──────── Source material

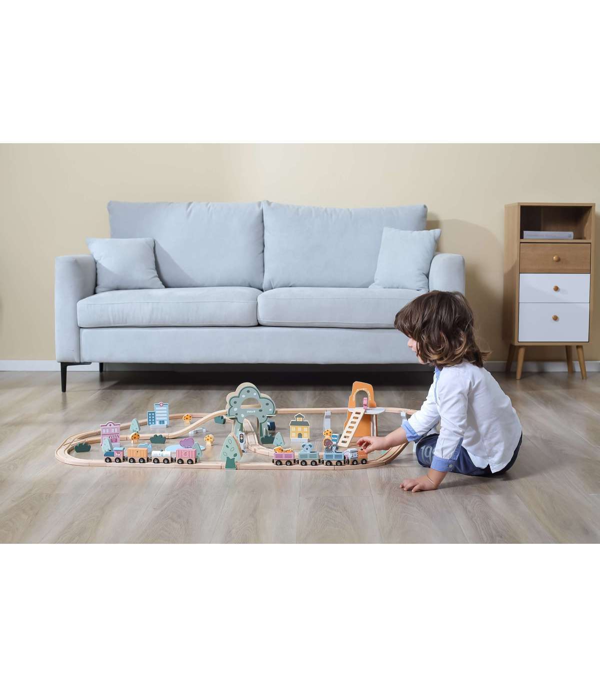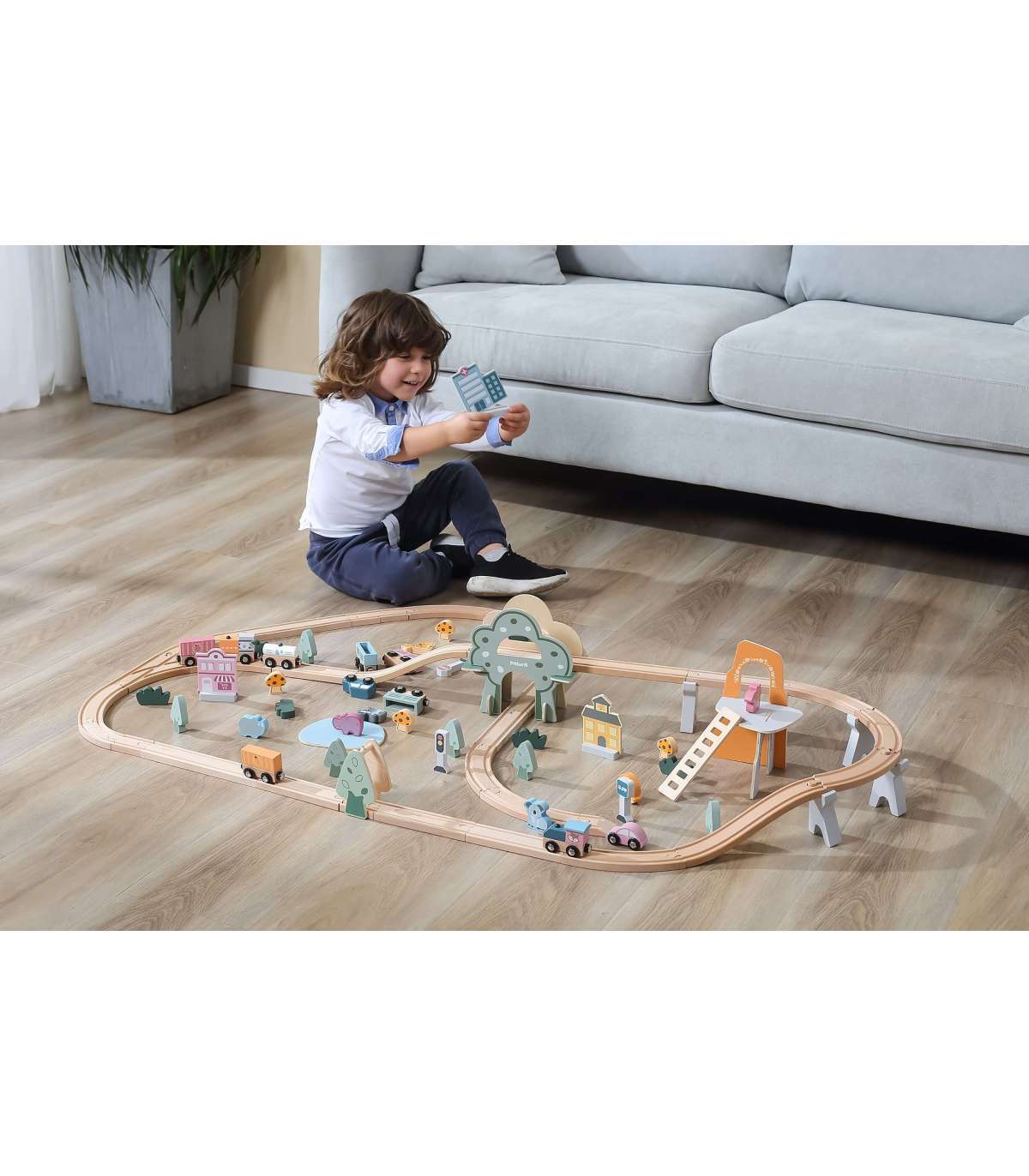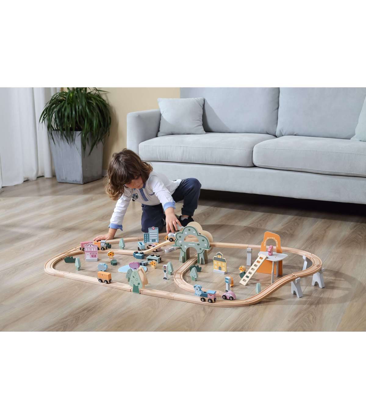 - Набор состоит из 90 элементов, включая рельсы, подъёмы для рельсов, поезд и разные вагончики, железнодорожные знаки, здания, животных, транспортные средства, а также различные деревья и скалы
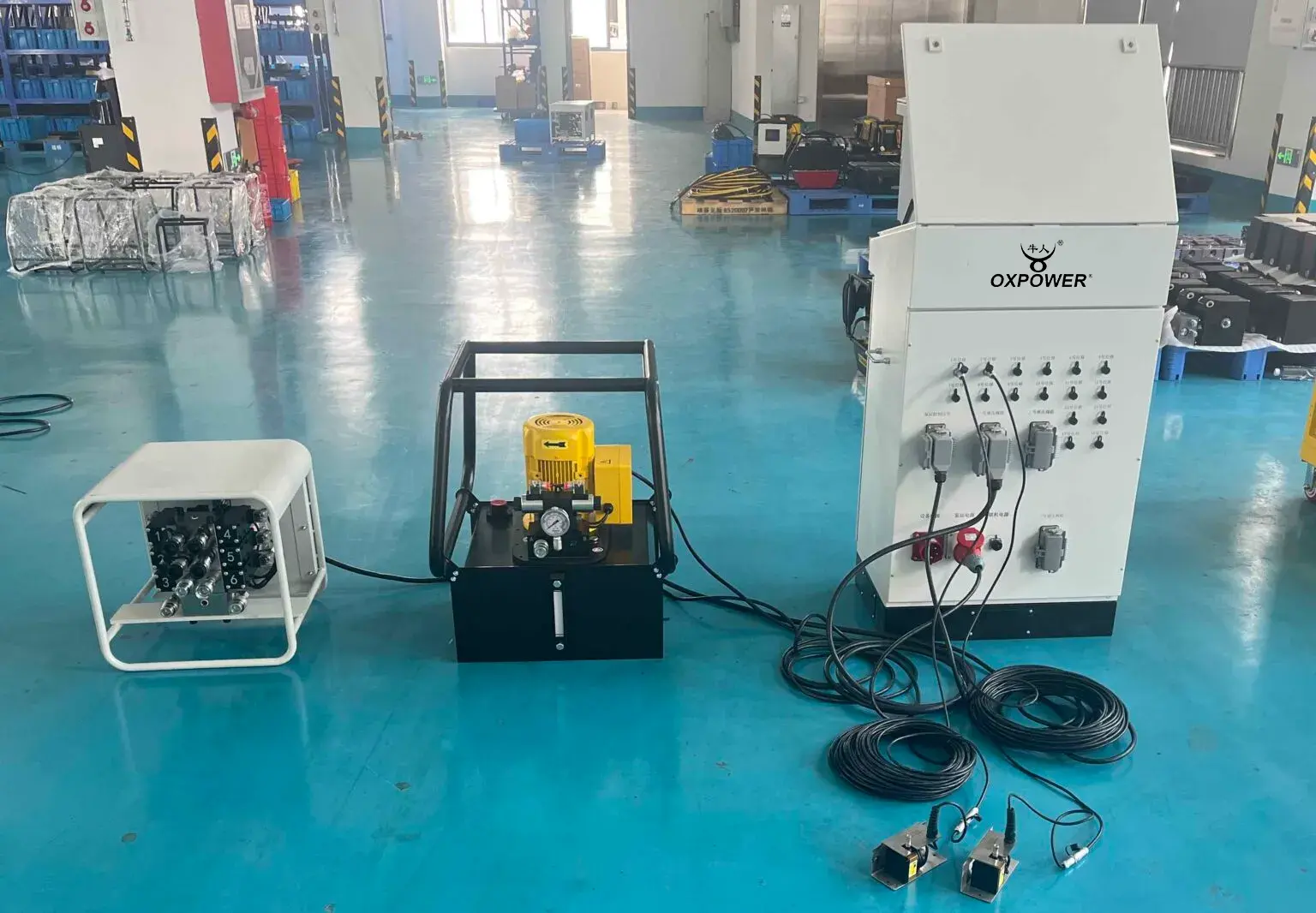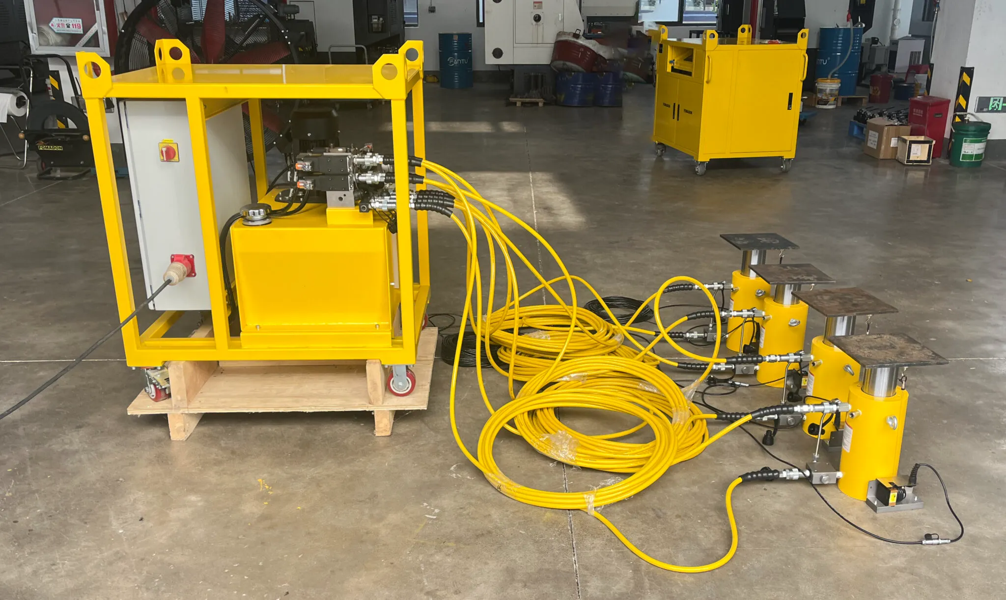 - 功能配置:传感器参数设定、预升压力设定、超载报警设定、传感器丢失报警、超差报警、预升/同步升降功能面板接口、油管、位移传感器、油缸接口清晰标识
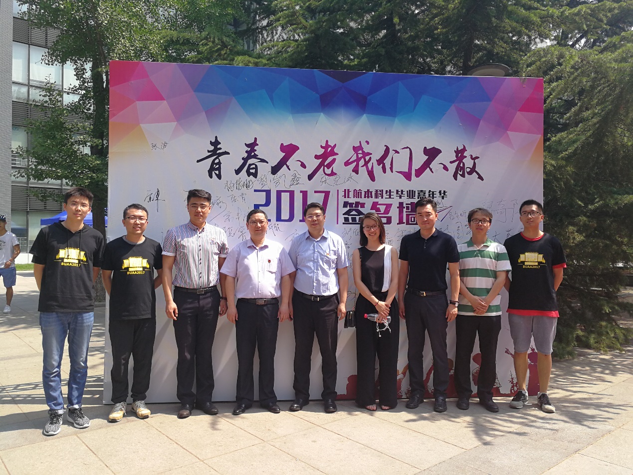 2017年5月20日,由学生处主办、bat365中文官方网站承办的“青春不老我们不散”主题2017届本科生毕业嘉年华活动在北航求是广场举行。活动共设置了55个展位,聚集了来自24个学院、书院的毕业生。共青团中央学校部副部长宋来、北航党委副书记李军峰等领导也来到活动现场与同学们亲切交流互动。
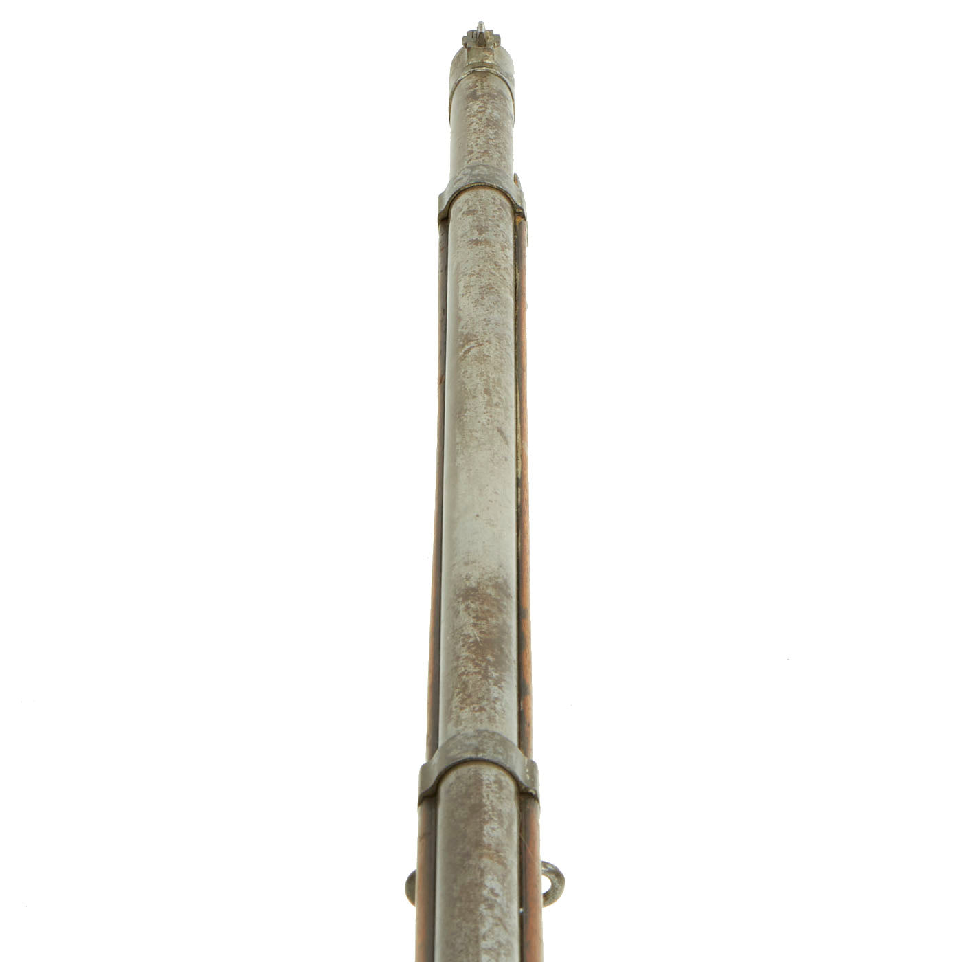 The bore shows clear lands and grooves, with a partly bright finish. The lands are worn, so this rifle definitely did see service, but was well taken care of and cleaned after use to avoid corrosion. The stock is in good condition, however it has a "Duffle Cut" under the lower barrel band. This was a common thing to see on USGI bring back rifles, as they would take the barrel and receiver out of the stock, and then cut the stock in half so it would fit into a Duffle bag or crate.
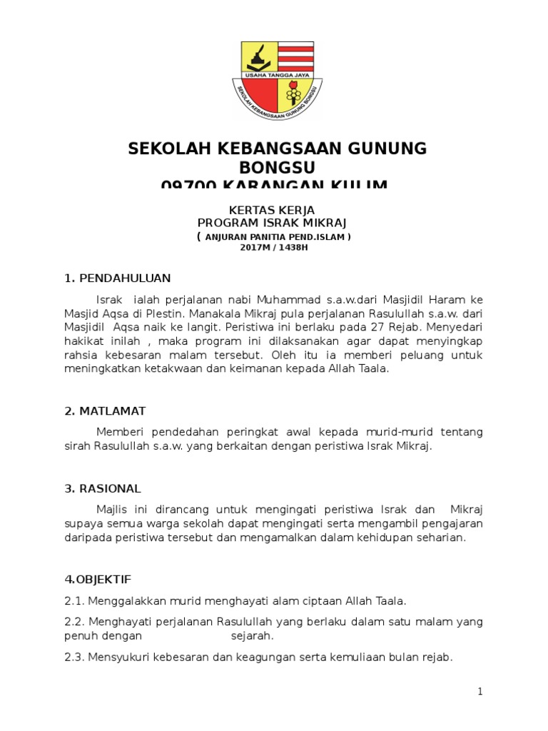 Kertas Kerja Isra Mikraj 2019 Sk Gintong Uploaded By Surayawati Abu Bakar

────────────────

§ **Task to complete**:
Take the lines from the first line of the entries through the line with "2017年5月20日,由学生", inclusive, and give them again exactly, minus any pictures.

§ **Written answer**:
 - Набор состоит из 90 элементов, включая рельсы, подъёмы для рельсов, поезд и разные вагончики, железнодорожные знаки, здания, животных, транспортные средства, а также различные деревья и скалы
 - 功能配置:传感器参数设定、预升压力设定、超载报警设定、传感器丢失报警、超差报警、预升/同步升降功能面板接口、油管、位移传感器、油缸接口清晰标识
 2017年5月20日,由学生处主办、bat365中文官方网站承办的“青春不老我们不散”主题2017届本科生毕业嘉年华活动在北航求是广场举行。活动共设置了55个展位,聚集了来自24个学院、书院的毕业生。共青团中央学校部副部长宋来、北航党委副书记李军峰等领导也来到活动现场与同学们亲切交流互动。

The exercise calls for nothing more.